# Databricks Coding Challenge - SQL
### Note: All questions should be done using SQL language

## Spark SQL and DataFrames 

In this section, you'll read in data to create a DataFrame in Spark.  We'll be reading in a dataset stored in the Databricks File System (DBFS).  Please see this [link](https://docs.databricks.com/user-guide/dbfs-databricks-file-system.html#databricks-file-system-dbfs) for more details on how to use DBFS.

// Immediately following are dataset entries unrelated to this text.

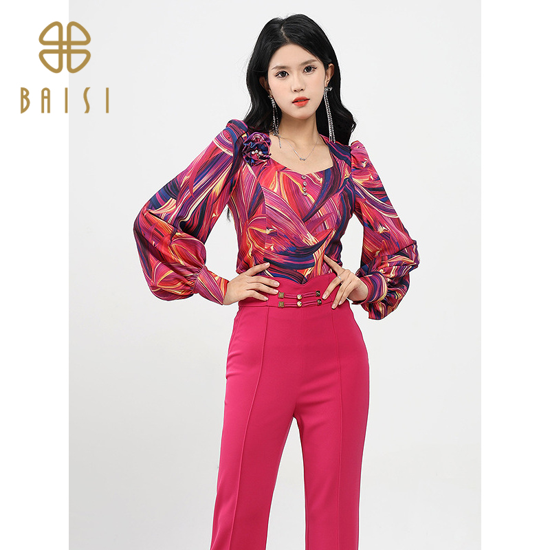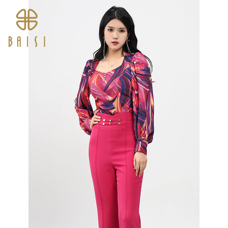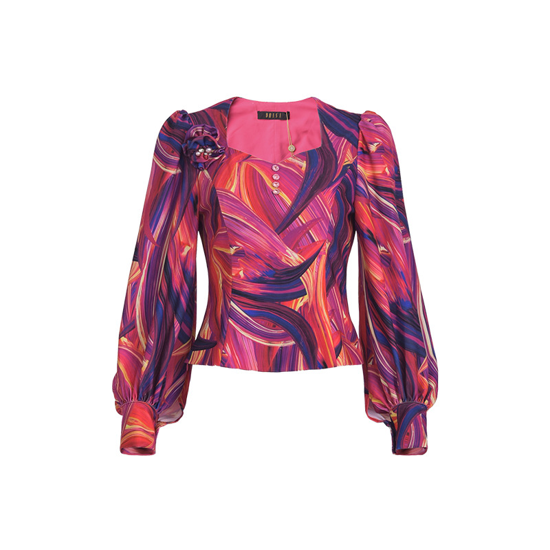 复古修身 时尚 长袖 新品 抽象涂鸦方领上衣女 衬衣2025春季 百丝美式
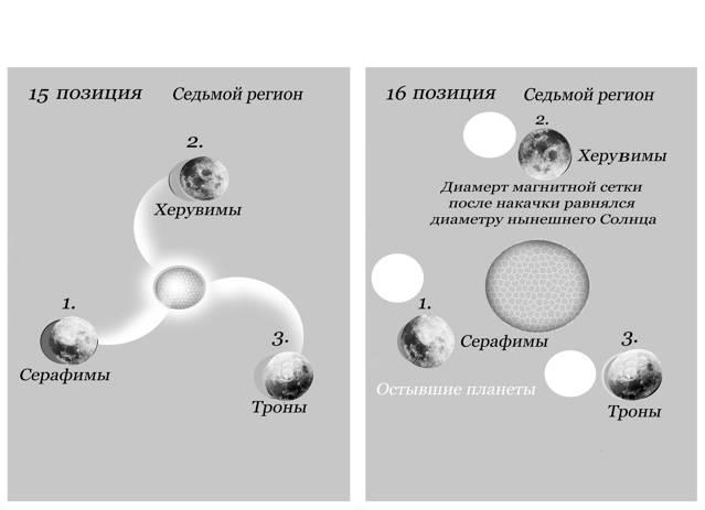 Позиция 11. Боги, т.е. Серафимы, Херувимы и Троны, выполнили задание Бога-отца. Создали все, что было запрограммировано. В центре стояло яркое палящее Солнце. Языки пламени просто качались вокруг ядра. В нашей Солнечной системе стояли три созданные планеты. Голубая планета Юпитер – создатели Троны. Желто-коричневая планета Марс – создатели Херувимы. Зеленая планета Венера – создатели Серафимы.
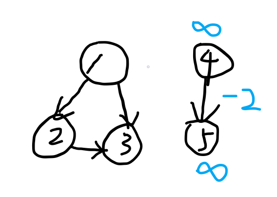 因为4到5的边权值为负的,那么1到5的距离是INF,这个点可能经过了4,也就是经过了负边,到点5,这时候1和5的距离会被更新为INF+负边权,因此比INF小了。
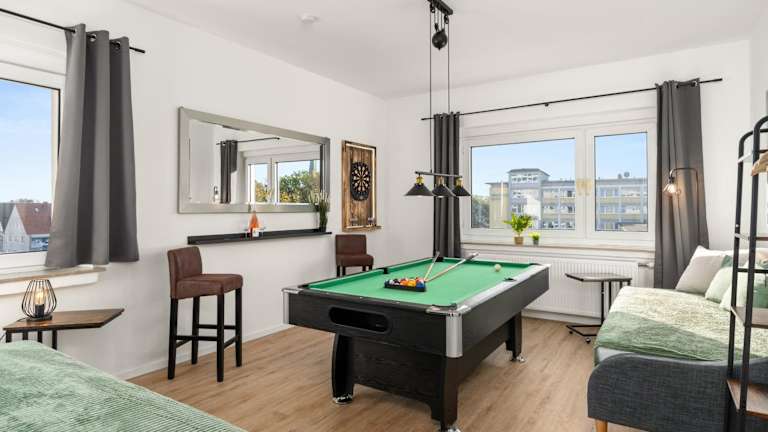 Die Unterkunft ermöglicht vielfältige Freizeitaktivitäten wie Billard, Darts und Velofahren in der Umgebung. Zudem steht eine Gemeinschaftsküche zur Verfügung, die eine gesellige Atmosphäre fördert. Weitere Sportmöglichkeiten in der Umgebung sind Wandern, Reiten und Bowling, jedoch häufig gegen zusätzliche Gebühren.
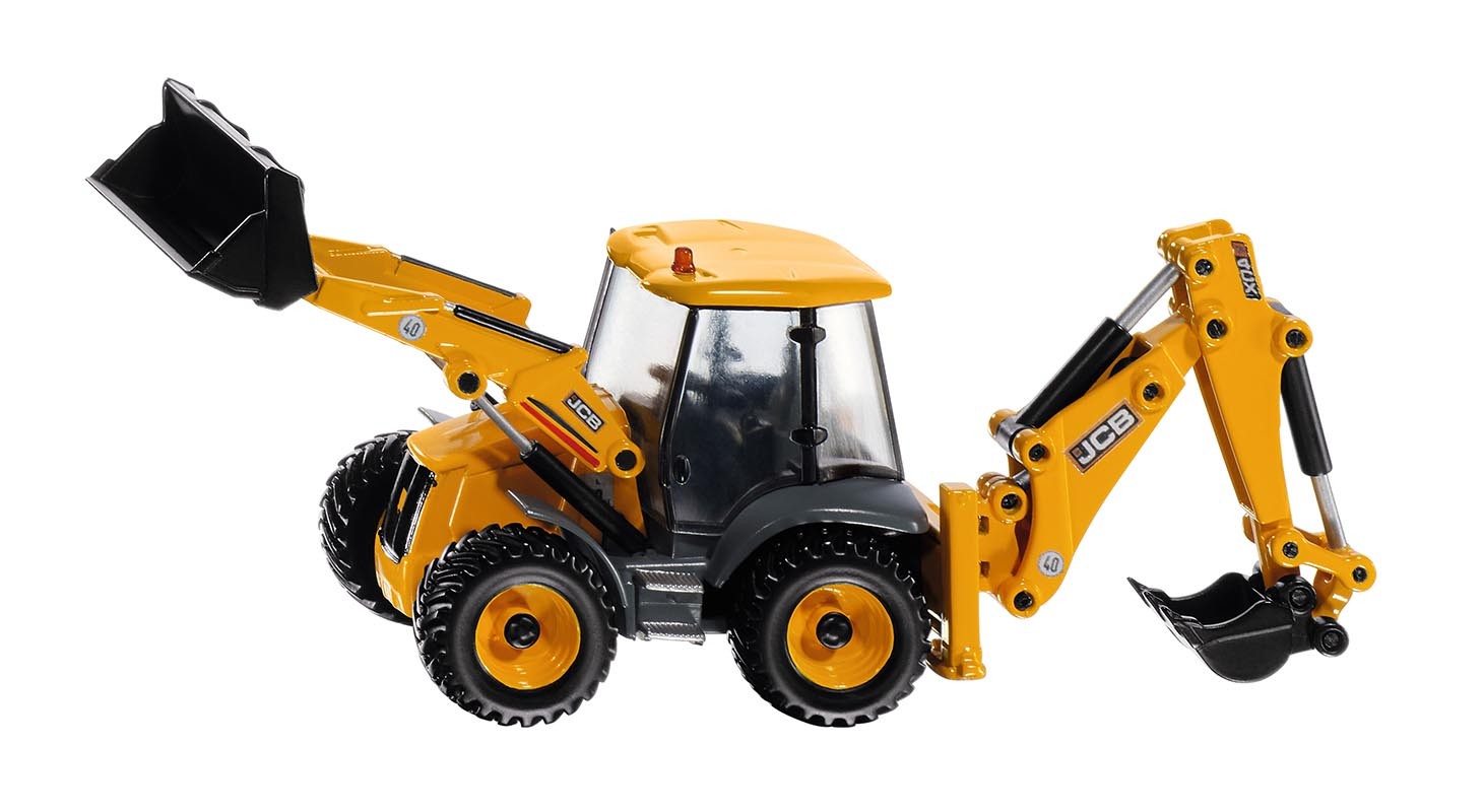 Les pelleteuses sont les machines multi-talents du chantier : une chargeuse sur roues à l'avant, une pelleteuse à l'arrière. Cela rend ces machines compactes très polyvalentes sur le chantier. La chargeuse-pelleteuse JCB 4CX est le multi-talent pour les petits constructeurs dans la salle de jeux. Sur le véhicule à l'échelle 1:50, le chargeur frontal, la pelleteuse et les pelles arrière sont mobiles. De plus, le bras de la pelleteuse à l'arrière peut pivoter à droite et à gauche.
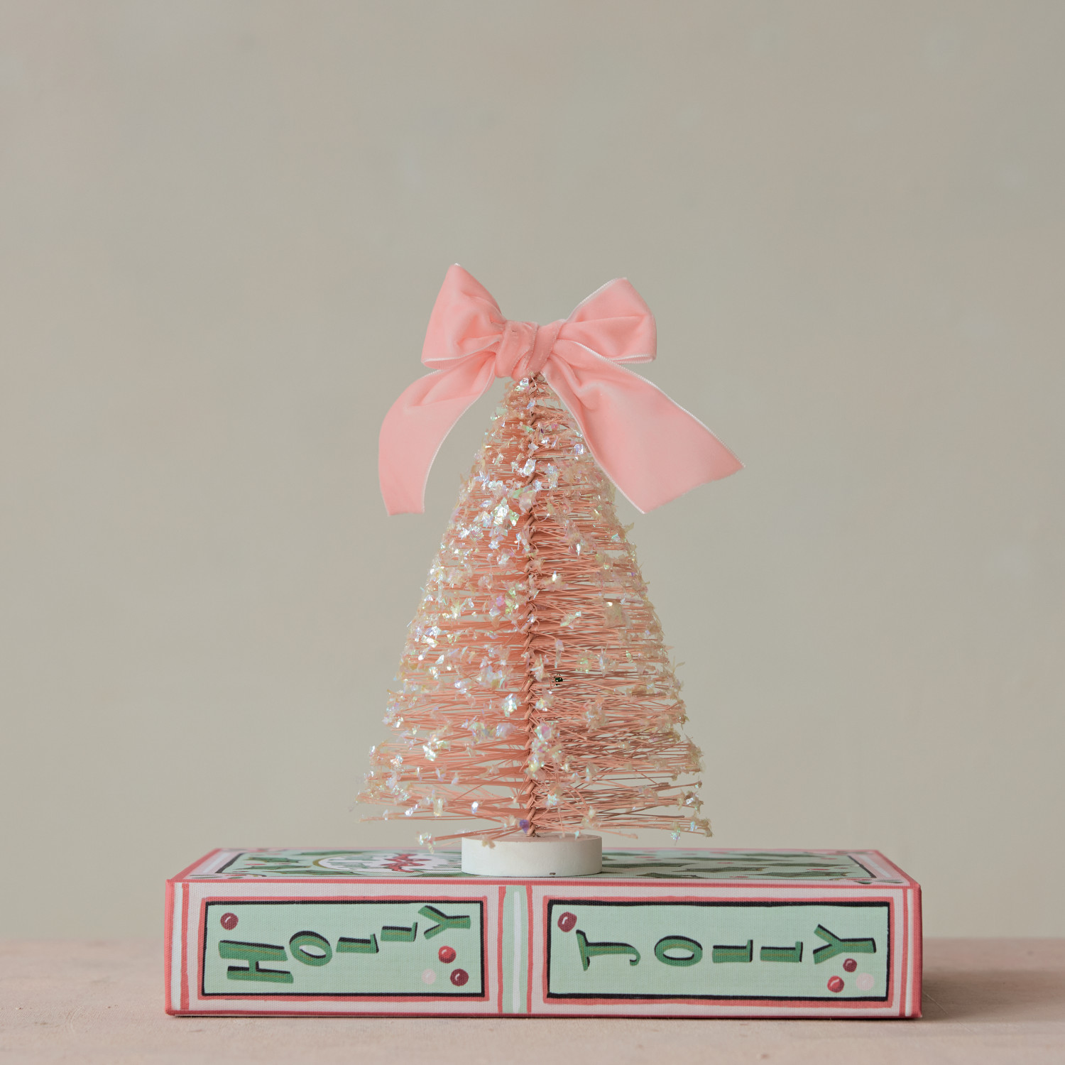 Plastic Bottle Brush Tree with Glitter, Velvet Bow & MDF Base, Snow Finish, Pink
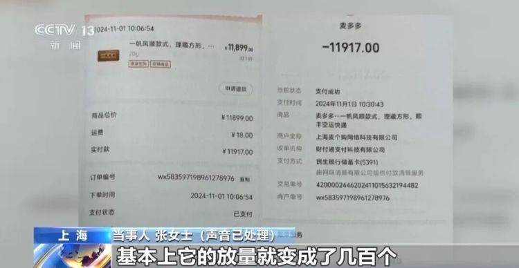 张女士称, 9月末刚接触这个盘的时候,每个人每个账户只能下两次订单,后面到了10月末的时候,基本上它的放量就变成了几百个,你可以一直抢。
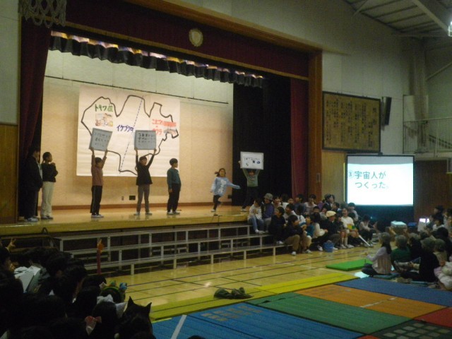 前半は、1年「高松にんじゃ学校」、3年生「ふるさと豊島区にズームイン!」、5年生「地域の果てまでイッテQ!」を発表しました。
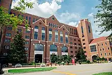 University Center FSU (officially Devoe L. Moore University Center) is a group of four brick buildings that surround Doak Campbell Stadium at the southwest corner of the campus of Florida State University. As the name suggests, the 800,000 ft² complex is the hub of administrative, athletic and booster activities. The brick facade around the stadium matches the architectural design of most of the buildings on the university's campus. Planning and funding began under President Sliger in the early 1990s and construction lasted almost 20 years at a cost of hundreds of millions. Campbell stadium with the University Center "is the second largest continuous brick structure in the world (the first being the Great Wall of China) and the 49th largest stadium in the world."[6][7]
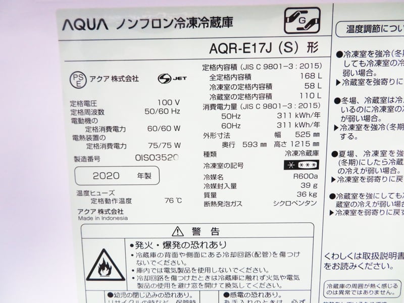 AQR-E17J 2020年製
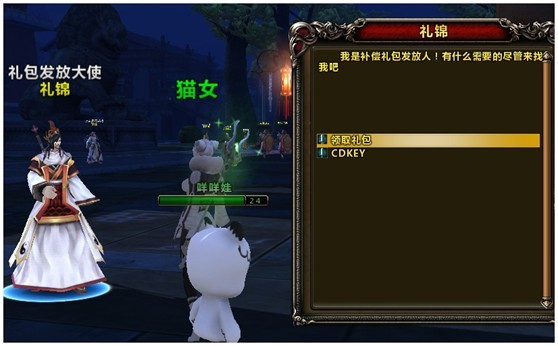 到【江都】礼包发放大使“花儿”(坐标:1540,1689)或【鬼城】礼包发放大使“礼锦”(坐标: 2044, 2993)处对话领取礼包即可。
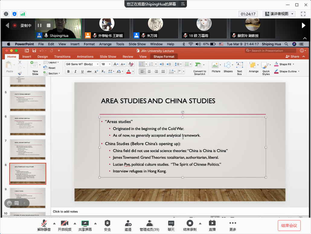 2021年3月10日10时,悟空体育主办的国际事务工作坊第7期学术活动于在线平台举行。本次讲座邀请美国路易斯维尔大学教授华世平(HUA Shiping)担任主讲嘉宾,作了题为“What Went Wrong with China Studies? – Paradigms Shifts in the Field”的在线学术讲座。公司政治学系副教授朱万润担任主持人,近40名公司师生参与讲座。
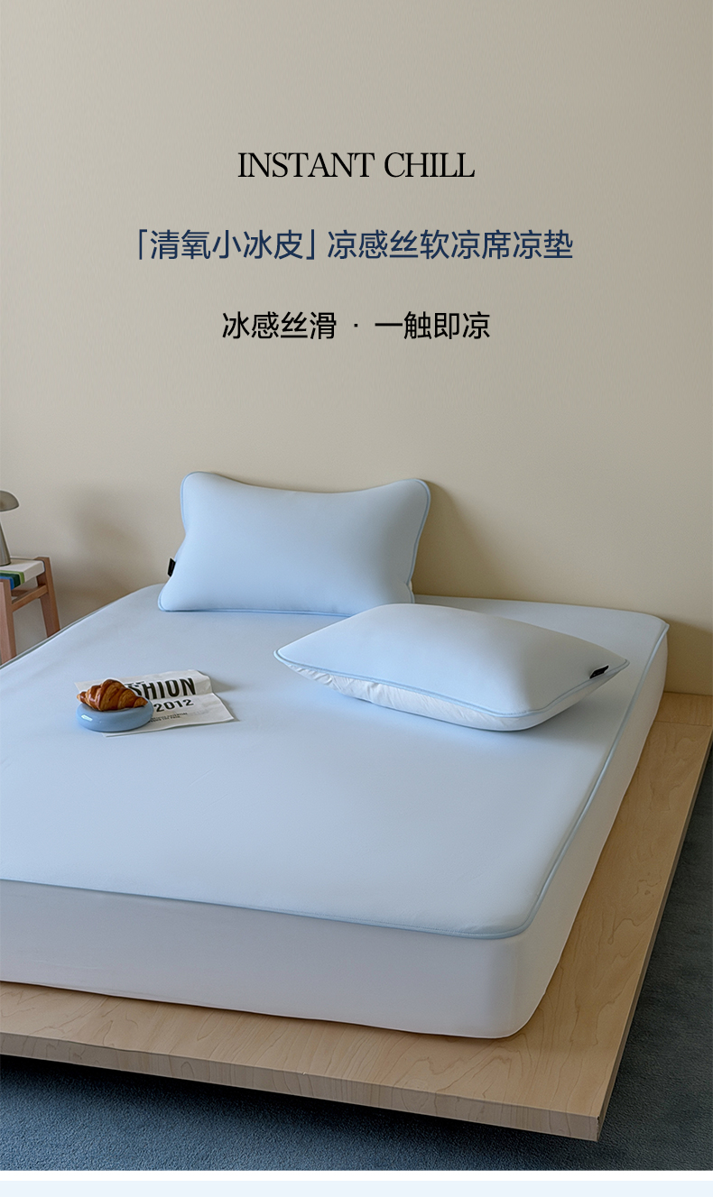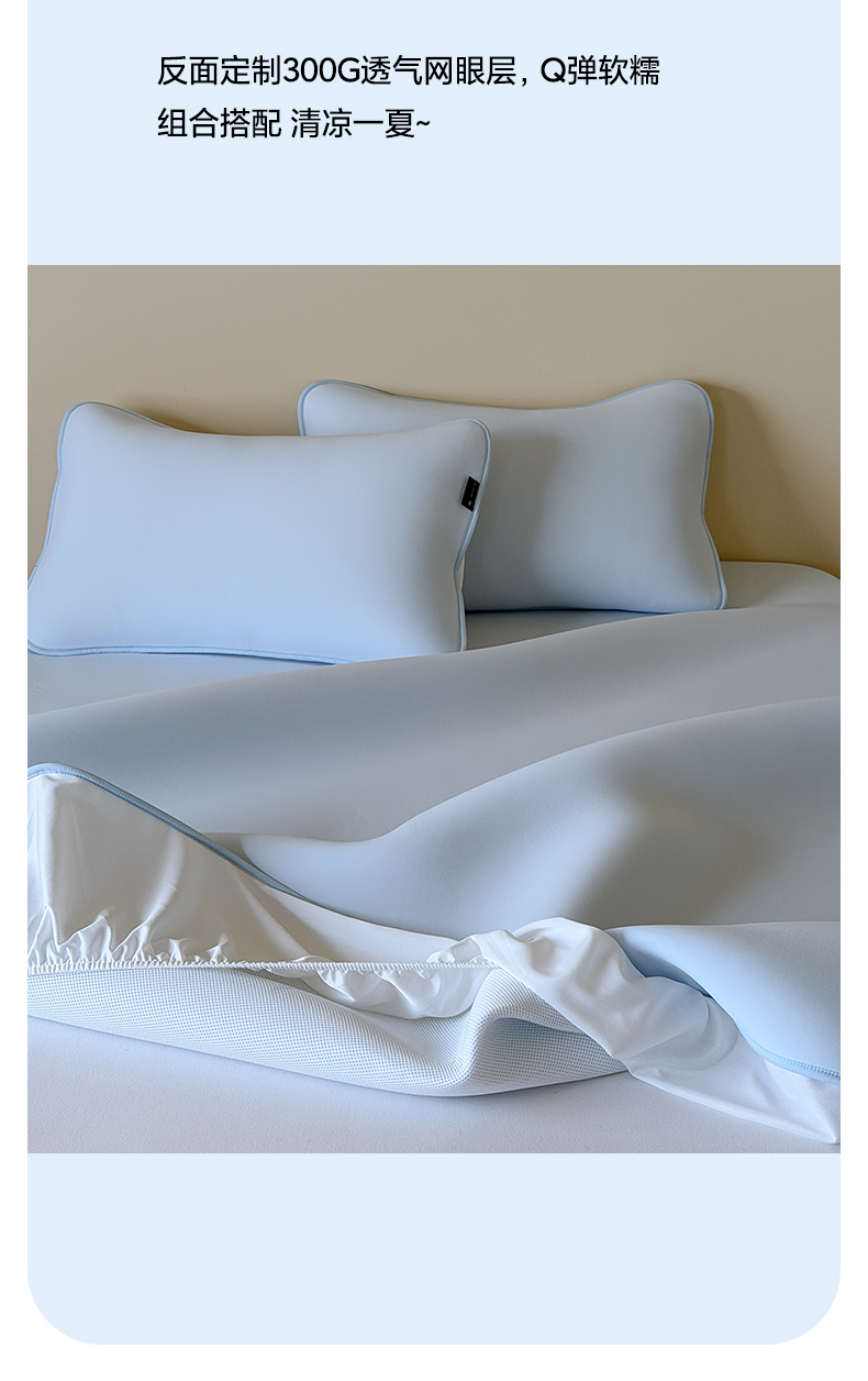 商品名称:三味舒屋 2026新款【清氧小冰皮】凉感丝软凉席凉垫 轻氧蓝

##Understanding the data set 

###Overview:
The data set used throughout the coding assessment resembles telemetry data that any software as a service (SaaS) company might collect. One record represents the node hours for a single workload running on a transient cluster aggregated at the date and workload type level. This data set may be used to help Databricks understand consumption patterns and user behaviors on our platform. For example, we can inspect this data to understand if a given customer prefers our `automated` or `interactive` features, or understand which AWS instance types are preferred among all of our customers. 

###Format: 
 * JSON
 * Resides on S3

###Schema:
* date (String)
* nodeHours (Double)
* workloadType (String) (read more [here](https://databricks.com/product/aws-pricing#clusters))
* metadata (Struct)
 * clusterMetadata (Struct): Describes the cluster configuration
 * runtimeMetadata (Struct): Describes the software configuration
 * workloadMetadata (Struct): Describes the customer. Each shard may have one or many workspaces and each workspace may have zero or many clusters 



### Part A: SparkSQL and Dataframes 

In this section, you'll read in data to create a dataframe in Spark.  We'll be reading in a dataset stored in the Databricks File System (DBFS).  Please see this link for more details on how to use DBFS:
https://docs.databricks.com/user-guide/dbfs-databricks-file-system.html#databricks-file-system-dbfs

Execute the command below to list the files in a directory that you will be analyzing.  There are several files in this test dataset.

In [0]:
%fs ls /databricks-coding-challenge/workloads

In [0]:
%fs head dbfs:/databricks-coding-challenge/workloads/part-00000-tid-7467717951814126607-30bac750-dd23-4160-a2a6-e57064ff0dc6-1506091-1-c000.json


### Question 1 (15 points):
Please create a temporary Spark SQL view called "workloads" from the json files in the directory listed up above

In [0]:
%python
'''
#Reading from json directory
#creating a tempview
#displaying the dataframe
'''
workloads_df = spark.read.json("dbfs:/databricks-coding-challenge/workloads") 
workloads_df.createOrReplaceTempView('workloads')                         
spark.sql("select * from workloads").display()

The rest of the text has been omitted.